Date of Conferral







Diana Jeffery


U.S. working mothers experience frequent daily hassles, yet little is known about how working mothers have disproportionate abilities to handle stress. The purpose of this cross-sectional study was to determine the extent to which coping self-efficacy mediated the effect that cumulative daily hassles had on working mothers' health outcomes (i.e., physical functioning, role-physical, bodily pain, general health, vitality, social functioning, role-emotional, and mental health). The transactional model of stress and coping, social cognitive theory, and self-efficacy theory provided the theoretical foundations for this study. Daily hassles were used for this study as an additional theoretical approach for measuring stress. A total of 235 working mothers completed the Daily Hassles Scale, Coping Self-Efficacy Scale, and Short Form 36 version 2 (SF-36v2) on a secure online website. The respondents reported moderate confidence in their abilities to cope with life despite experiencing an average of 44 daily hassles per month. Simple regressions confirmed repeated exposure to daily hassles was significantly associated with reduced coping self-efficacy and health outcomes.
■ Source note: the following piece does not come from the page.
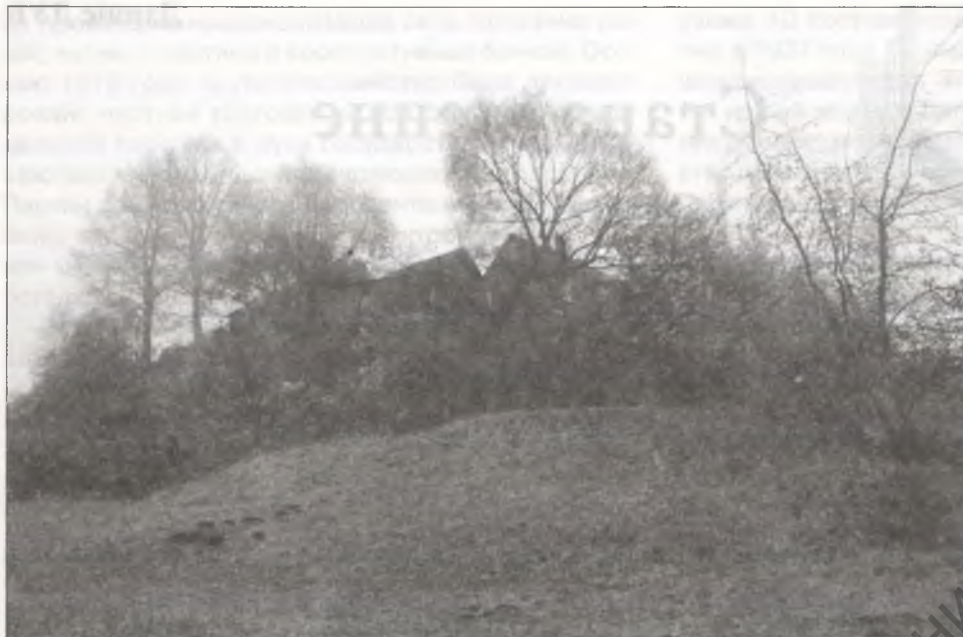
Від полацкага гарадзішча з паўночнага боку. 2007 г.

ўсходнім баку 7 . З 1947 г. гарадзішча шчыльна забудовалася, што цяпер перашкаджае правядзенню археалагічных даследаванняў на гэтым цікавым гістарычным помніку.

Mediation with multiple regression analysis revealed that coping self-efficacy partially mediated the relationship between cumulative daily hassles and health outcomes, suggesting coping self-efficacy was a protective psychosocial factor for working mothers. This study contributes to positive social change by aiding practitioners in identifying protective psychosocial factors and helping working mothers to implement the findings with the intention of reducing daily hassles and improving health outcomes.